В ночь перед тем, как открыть огонь на политическом собрании, Лофнер снялся в красных стрингах и с «Глоком» в руке. Когда наутро таксист высаживал его у супермаркета, попросил разрешения пожать ему руку. А потом достал пистолет и начал убивать.

Это не мой мальчик.

Сидя в холодном люминесцентном свете, я поймал себя на том, что начинаю сердиться. Атмосфера этих помещений не запугала меня. Я смотрел в лицо смерти во всех ее проявлениях. Я врач и привык контролировать ситуацию. Мои решения спасали людям жизнь. Я не спасую перед правительственными чиновниками. Если Дэниел ранен, его обязаны лечить. Он американский гражданин, у него есть права. Я жалел, что не позвонил своему адвокату, Мюррею Берману. Дэниелу немедленно нужен защитник. Я достал телефон, начал набирать номер. Дверь открылась. С Мойерсом и Грином вошел пожилой человек в сером костюме. С крупными зубами, пожелтевшими от многолетнего курения.

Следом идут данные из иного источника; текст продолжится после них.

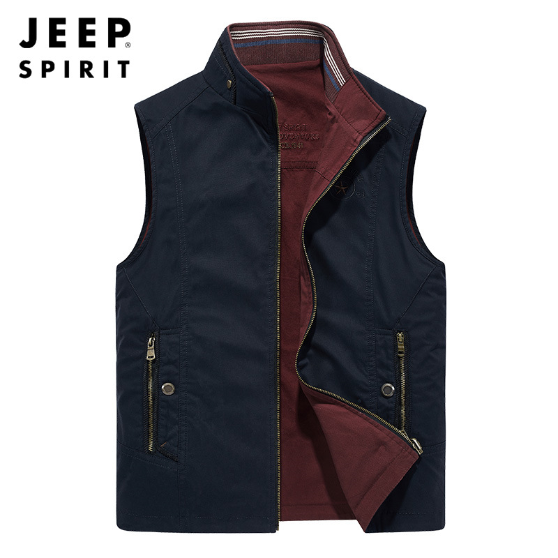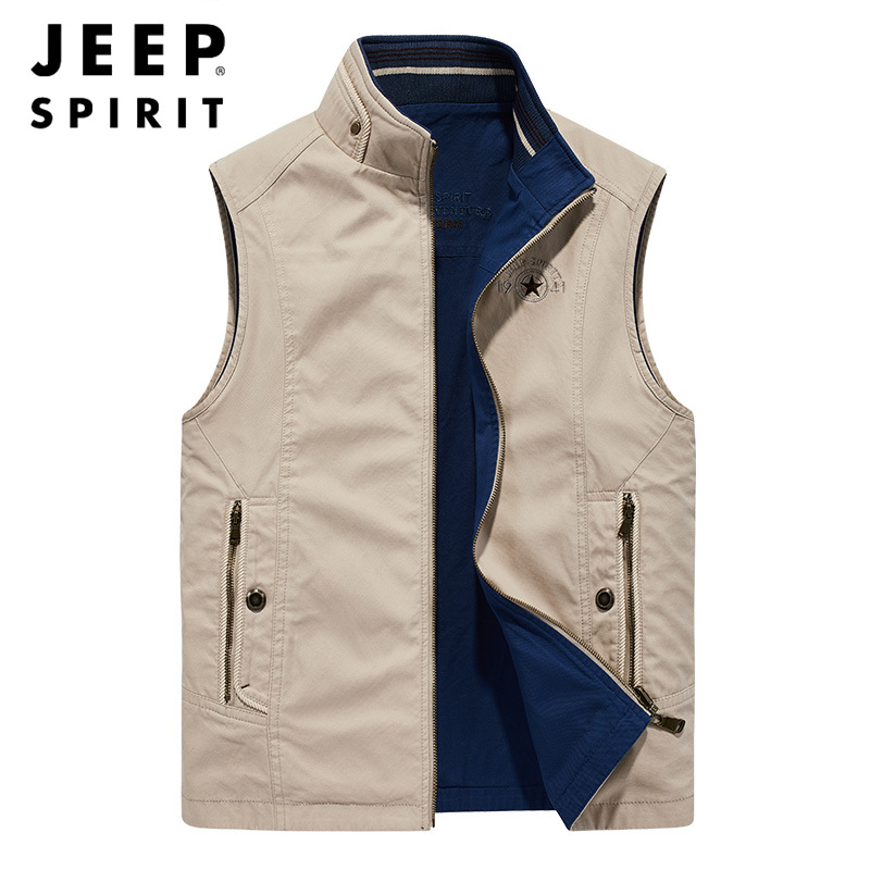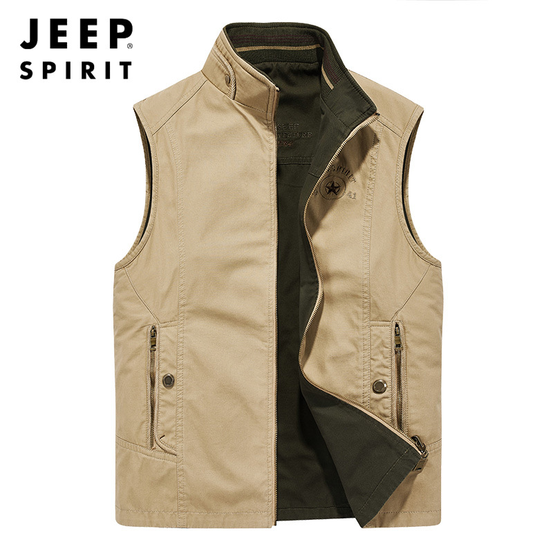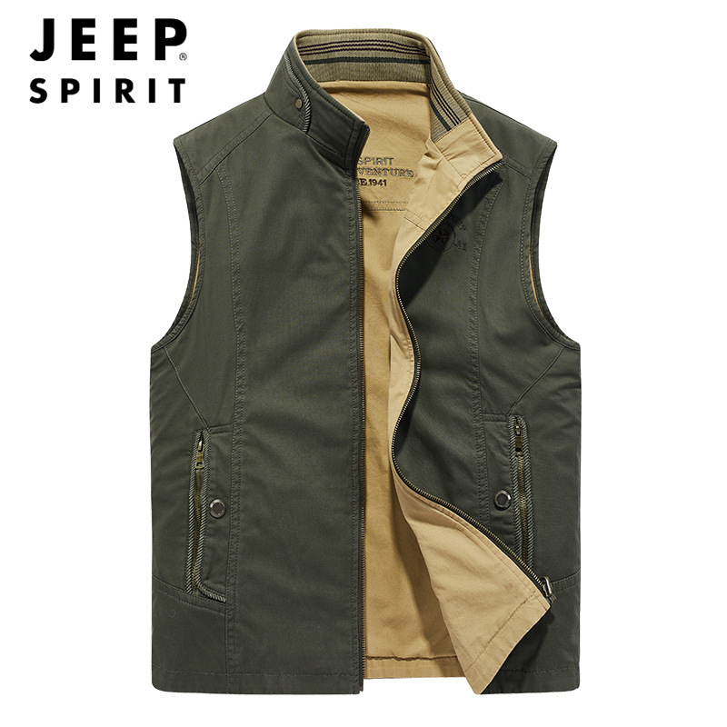 JEEP SPIRIT 캐주얼 남성 조끼 사진 낚시 양면 스탠드 칼라 면 재킷 조끼 9838

– Мистер Аллен, меня зовут Клайд Дэвидсон. Я заместитель директора Секретной службы. Я пришел поговорить о вашем сыне.

– Я доктор Аллен.

– Конечно, доктор Аллен.

– Мне сказали, что сын ранен. Заявляю для протокола: я не отвечу ни на один вопрос, пока не буду уверен, что ему оказана помощь.

Дэвидсон сел, расправив складки штанин. Он был тяжеловесный, с короткими седыми волосами. В его возрасте следовало больше двигаться, сбросить вес. И немедленно бросить курить. После пятидесяти начинаются проблемы с сердцем: кровь в артериях тромбируется, резко возрастает угроза инсульта и инфаркта.

– Доктор Аллен, все произошло слишком быстро. Думаю, нам обоим нужно глубоко подышать.

Я рассматривал его, как интерна, только со студенческой скамьи.

– Мне сказали: ранен в бедро. Как о мелочи. Но пуля буквально сминает ткани. Пуля большого калибра могла порвать бедренную артерию. Малого калибра – срикошетив от кости, уйти в таз и нижнюю часть живота.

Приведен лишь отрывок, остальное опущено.